We have considered some low values for p to see what happens within the range of results conventionally considered significant, and we used only specific alternative hypotheses. When researchers do not wish to commit to specific alternative hypotheses, they can aggregate over a distribution of alternatives to the null, and compute ‘diffuse’ or ‘default’ tests. The results of this approach often resemble ST. Wetzels et al. (2011) computed diffuse-alternative LR (they preferred the label BF) for a large set of published results, most of which significant by the lights of ST. Plotting LR against p, the authors found a strong relationship (see Wetzels et al., Figure 2, where the LR and p are nearly perfectly correlated). Yet, they considered the LR to be superior, noting that the range of p from .05 to .01 merely qualifies as “anecdotal evidence” by Bayesian standards (Jeffreys, 1961). We submit that this discrepancy reflects different conventions in labeling segments of a scale rather than substantive differences in evidentiary power (Krueger & Heck, 2017).
To conclude this section, we observe that the relationship between the LR and the p value is a special case of the general relationship between a ratio and its own numerator. In a set of simulations, we randomly sampled values for variables X and Y drawn from a uniform distribution ranging from 0 to 1, and varied the correlation between X and Y. When using the raw values of X and X/Y, the correlation between the two hovers around zero because very small denominators can produce enormous ratios. These outliers skew the distributions to the point at which Pearson’s r becomes meaningless. This observation may explain – and guard against – the claim that the LR is independent of the p value. With log transformation (or Spearman’s Rho), however, high correlations emerge and they increase as rXY becomes more negative.
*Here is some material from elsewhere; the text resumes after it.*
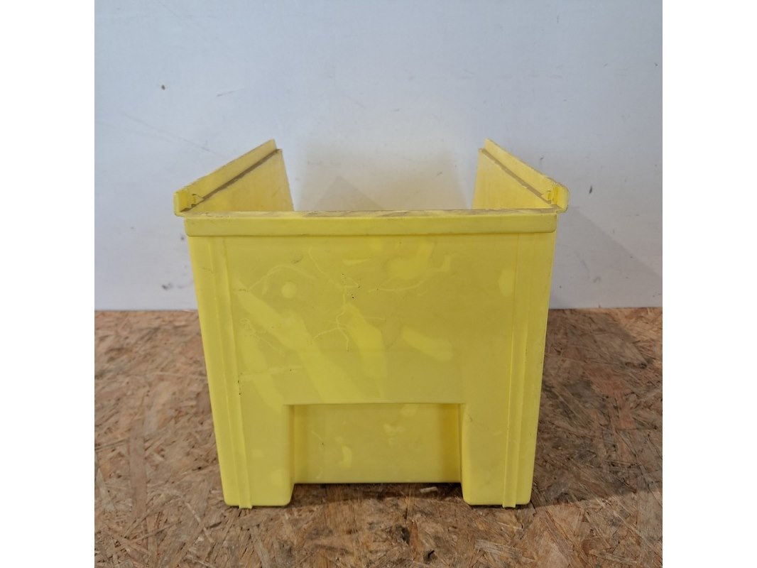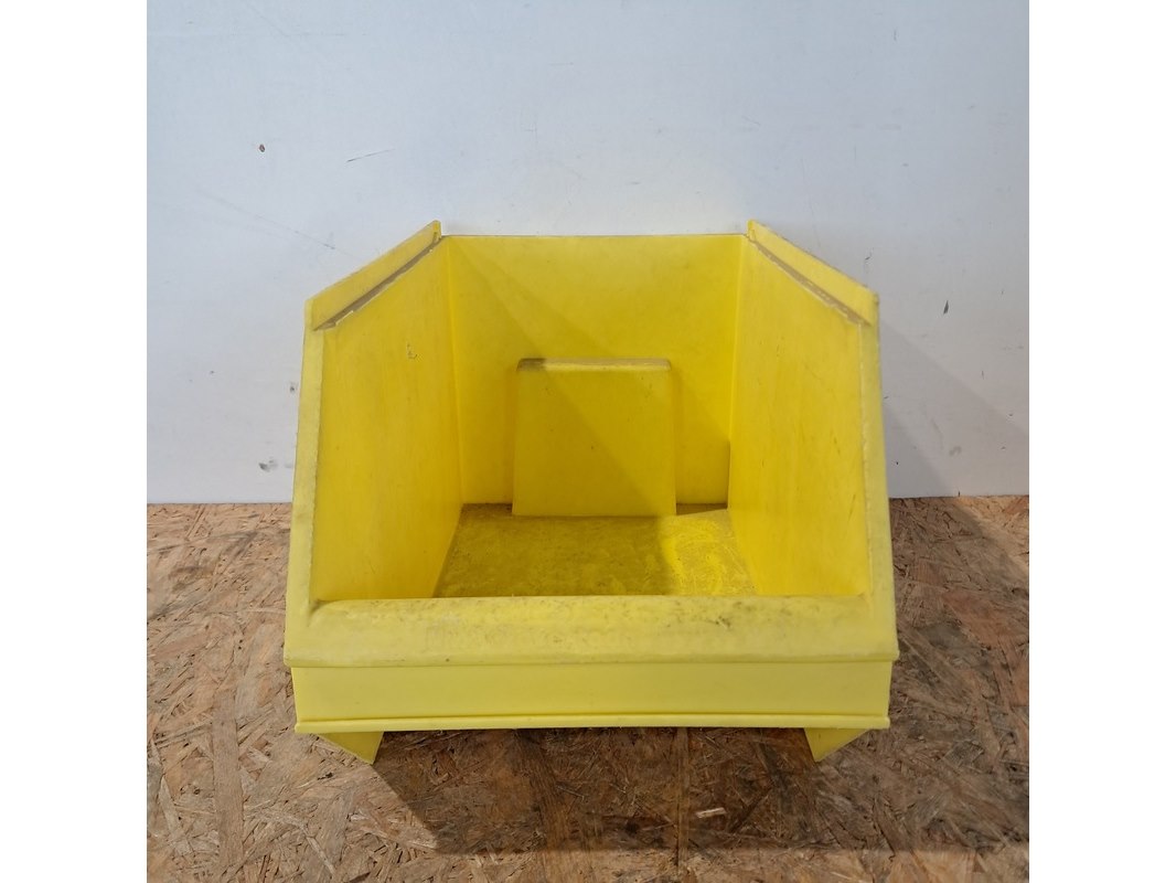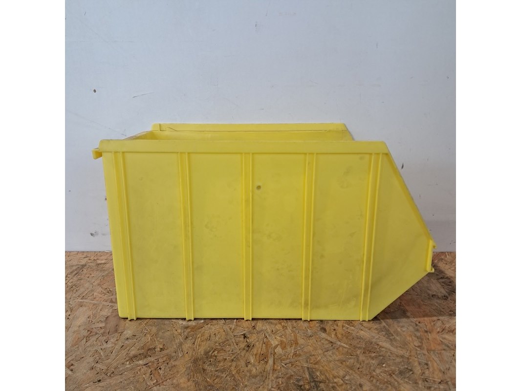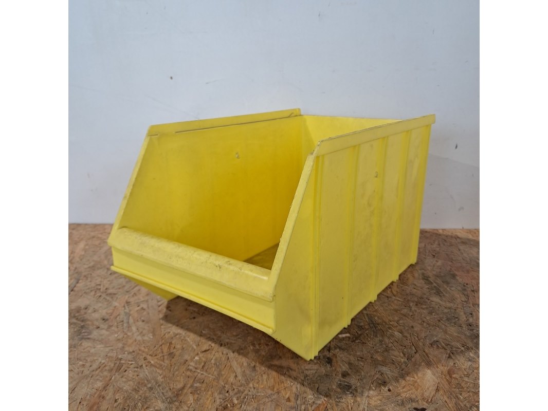 Merk: Overtoom Product: Magazijnbakken met grijp opening Kleur: Geel Materiaal: Kunststof Afmeting: 35x20x20 cm Conditie: Gebruikt Specificaties: Stapelbare magazijnbakken met etikethouder Merk overtoom in nette staat

For example, rX,X/Y = .34 and .83 respectively for rXY = .5 and -.5. Small nonlinearities remain so that the best-fitting associations are even stronger. Figure 1 shows these correlations for a full range of rXY. The values for rX,X/Y remain positive even under the least favorable conditions (i.e., when X and Y are increasingly redundant). The reason why the correlations are less than perfect is simply the researcher’s ignorance of what the research hypothesis (∼H) might be. It is neither a specific prediction nor a default-diffuse one.
The correlation between a (log-transformed) ratio and its (log-transformed) numerator for different input correlations between numerator and denominator.
The correlation between a (log-transformed) ratio and its (log-transformed) numerator for different input correlations between numerator and denominator.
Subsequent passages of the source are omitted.